=== Section Start ===
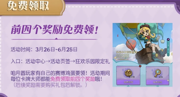 狂欢乐园限定礼这个活动,时间拉得比较长,从3月26日一直到6月25日。活动期间,每位卡牌大师,都能免费领取前四个奖励,后面的奖励需要购买礼包才能解锁。前四个免费拿就行,不想花钱的玩家也能参与。
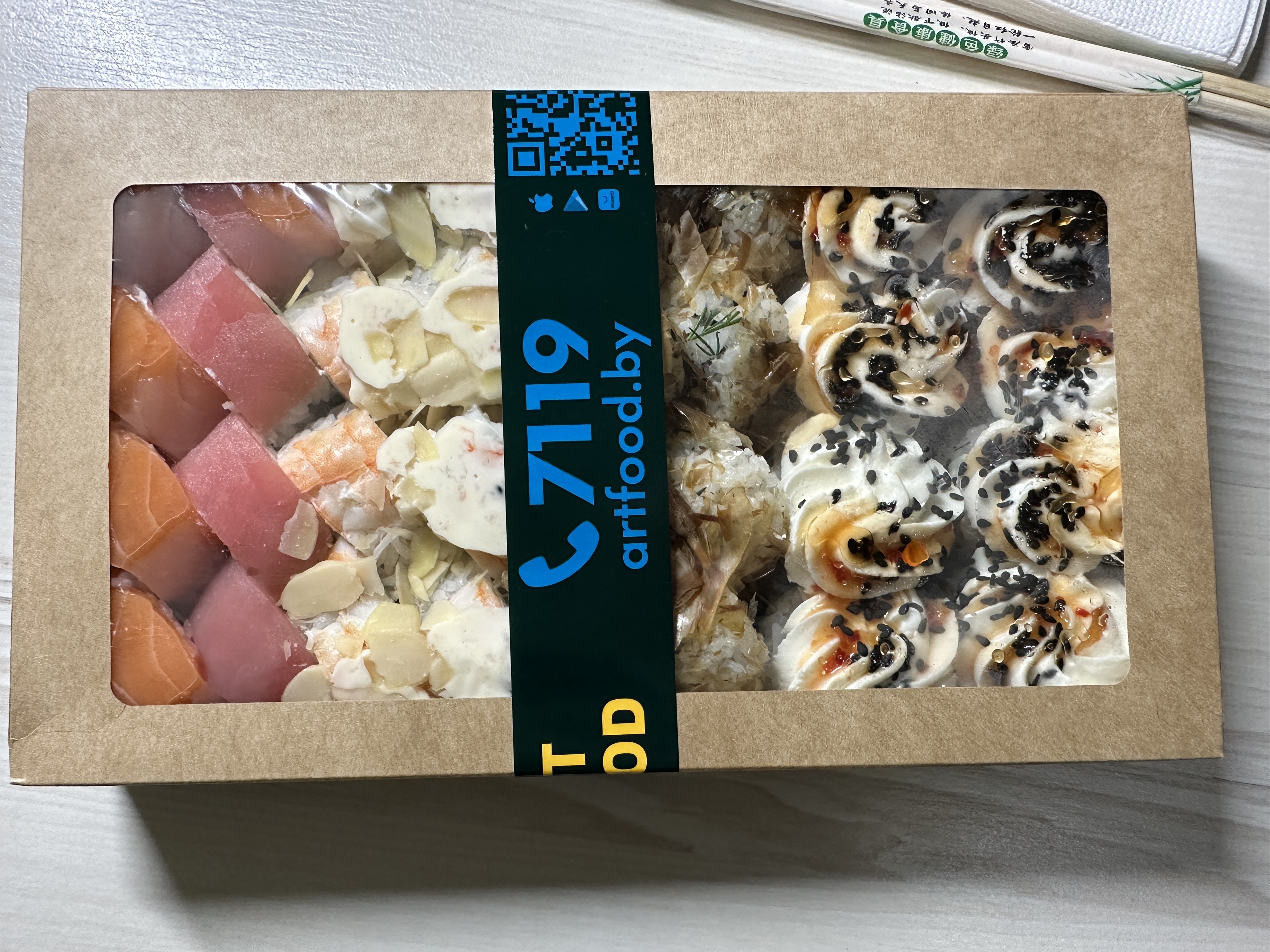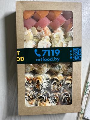 - Промокод дает право на скидку до 60% на суши-сеты от "ART FOOD"
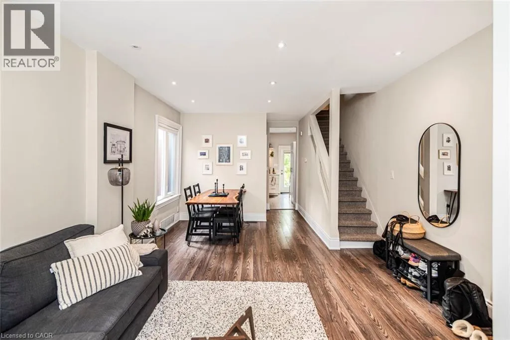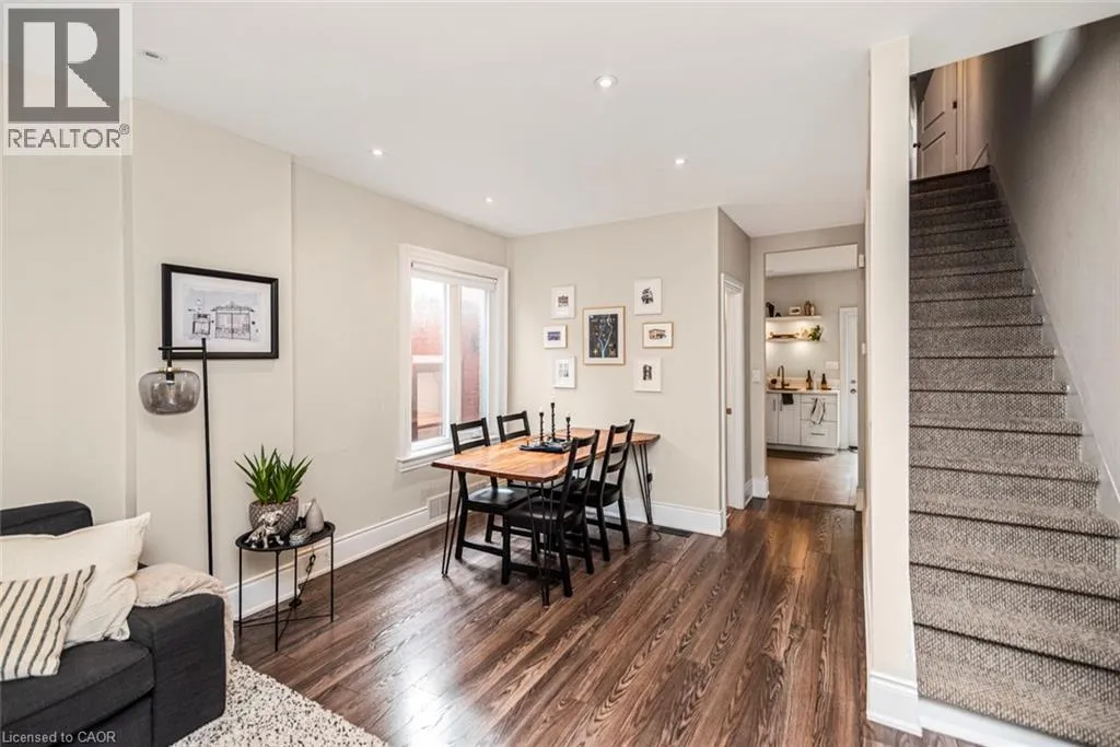 Main Street West right on Queen Street South ,right on Hunter Street Fully renovated 2.5-storey detached home in the heart of Hamilton! Main floor features a bright family and dining area, 3-piece bathroom, updated kitchen with quartz countertops, laundry, and walkout to a fully fenced backyard. Second floor offers 3 bedrooms and a 4-piece bathroom. Finished attic adds 2 more bedroomsâideal for guests, a home office, or extended family. Partially finished basement could be developed and includes a walkout door to the backyard. Hardwood floors throughoutâno carpets! Walk to Locke Streetâs vibrant shops and cafes, Hamilton GO Centre, and enjoy easy access to city buses. Hunter Street blends heritage charm with modern convenience in one of Hamiltonâs most desirable communities. (id:27476)
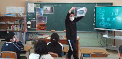 訓練は、まず学級活動で新燃岳の噴火の被害について学びました。
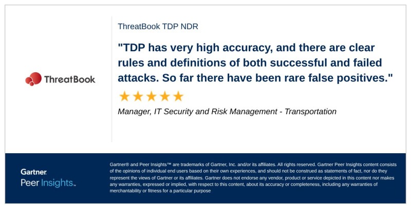 Full Review: https://www.gartner.com/reviews/market/network-detection-and-response/vendor/threatbook/product/threatbook-tdp-ndr/review/view/6145510
=== Section End ===
### [What this task involves]
Would you return the records exactly as written, minus any image?

### [Written answer]
 狂欢乐园限定礼这个活动,时间拉得比较长,从3月26日一直到6月25日。活动期间,每位卡牌大师,都能免费领取前四个奖励,后面的奖励需要购买礼包才能解锁。前四个免费拿就行,不想花钱的玩家也能参与。
 - Промокод дает право на скидку до 60% на суши-сеты от "ART FOOD"
 Main Street West right on Queen Street South ,right on Hunter Street Fully renovated 2.5-storey detached home in the heart of Hamilton! Main floor features a bright family and dining area, 3-piece bathroom, updated kitchen with quartz countertops, laundry, and walkout to a fully fenced backyard. Second floor offers 3 bedrooms and a 4-piece bathroom. Finished attic adds 2 more bedroomsâideal for guests, a home office, or extended family. Partially finished basement could be developed and includes a walkout door to the backyard. Hardwood floors throughoutâno carpets! Walk to Locke Streetâs vibrant shops and cafes, Hamilton GO Centre, and enjoy easy access to city buses. Hunter Street blends heritage charm with modern convenience in one of Hamiltonâs most desirable communities. (id:27476)
 訓練は、まず学級活動で新燃岳の噴火の被害について学びました。
 Full Review: https://www.gartner.com/reviews/market/network-detection-and-response/vendor/threatbook/product/threatbook-tdp-ndr/review/view/6145510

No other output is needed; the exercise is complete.